Phase 1b — Audio Pipeline

  1. Backend: FastAPI + WebSocket handler
  2. Backend: STT service (Whisper API)
  3. Backend: LLM service (DeepSeek)
  4. Backend: TTS service (OpenAI)
  5. Frontend: Microphone recording → WebSocket
  6. Frontend: Audio playback + conversation UI

Phase 1c — Kira the Avatar

  1. Integrate Live2D SDK with placeholder model
  2. Idle animations (blink, breath, random gestures)
  3. Lip-sync from TTS audio
  4. Wardrobe/outfit system

Phase 1d — Cats & Polish

  1. Pet zone with two cats (CSS-animated sprites)
  2. Notes widget
  3. Color polish, transitions, responsive layout
  4. Docker compose finalization + Caddy config

Key Design Decisions

Live2D Model

  • We'll use a free sample Live2D model (Hiyori or Mao from Cubism SDK samples) as a placeholder
  • Custom "Kira" model can be commissioned and swapped in later — the SDK integration is identical
  • Lip-sync driven by analyzing TTS audio amplitude (simplified: no phoneme mapping needed)

Background Scenes

  • CSS gradient + pattern scenes for Phase 1 (no image assets needed)
  • Scene types: Cozy Room (warm), Coffee Shop (browns), Garden (greens), Rainy Window (blues), Starry Night (dark purples), Sakura Spring (pinks)
  • Scene = animated CSS background + subtle particle overlay (rain, stars, petals)

The Two Cats

  • CSS/Canvas-animated sprites (not Live2D — overkill for cats)
  • Orange fluffy: larger, follows cursor sometimes, stretches out
  • Black shorthair: smaller, sleeps curled up, occasional tail twitch

Outfit System

  • Live2D models support model.json texture swapping
  • Phase 1: pre-defined color palettes/outfits that swap texture files
  • Outfits: Cozy Hoodie, Girly Dress, Pajama Set, Study Sweater, Going Out

Conversation Personality

  • System prompt defines: female, kind, encouraging, ADHD-aware, body double presence
  • Kira checks in: "How's it going?

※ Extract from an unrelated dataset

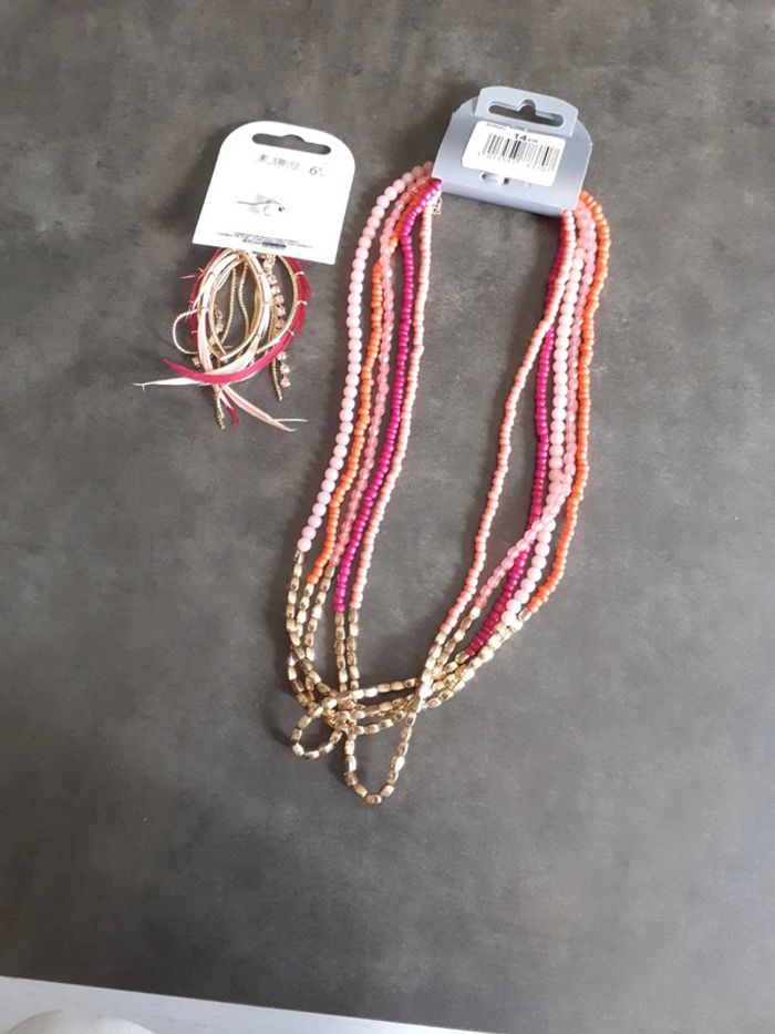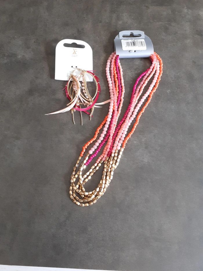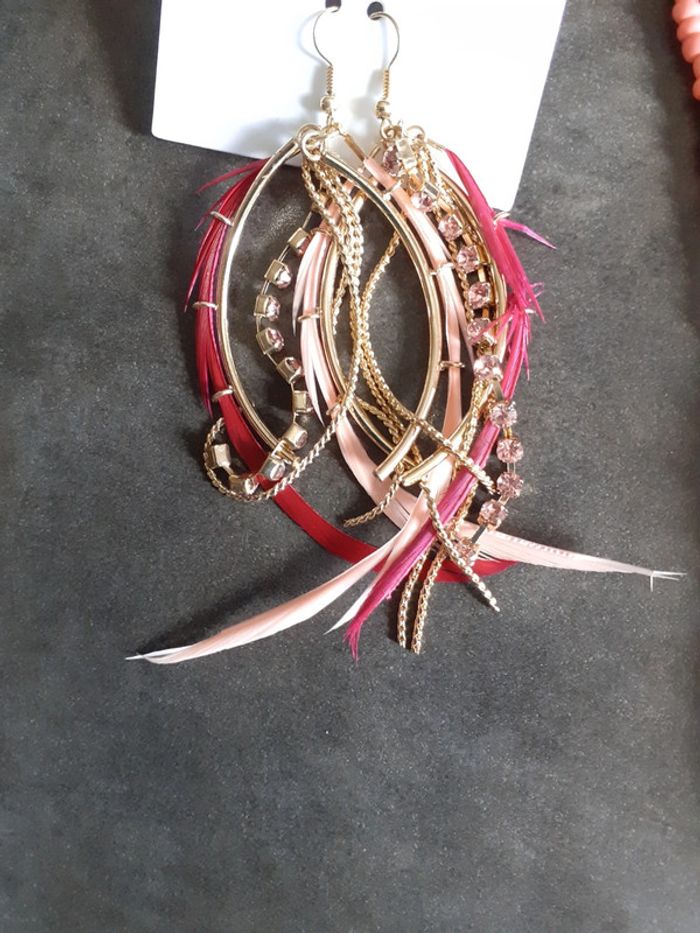 Jamais porté. Boucles pour oreilles percées. Plumes un peu écartées Collier, réglable

Need a timer? Want me to pick a scene?"
  • Encouragement: "You've got this! 15 minutes down." / "Time for a stretch break?"
  • Never judgmental. Always supportive.

Palette (Girly-Pop)

Primary bg:    #FFF5F5  (soft pink-white)
Accent pink:   #FFB6C1  (light pink)
Accent lav:    #D8B4FE  (lavender)
Accent mint:   #A7F3D0  (mint)
Text primary:  #4A1942  (deep plum)
Text soft:     #7C3AED  (violet)
Card bg:       #FFFFFF  (with soft shadow)
Highlight:     #FDF2F8  (pink glow)

Deployment

docker compose up -d

Frontend: http://kira.hobokenchicken.com (via Caddy)
Backend:  ws://kira.hobokenchicken.com/api/ws (WebSocket)

Runs on existing homelab stack. Add Caddy entry pointing to the frontend container.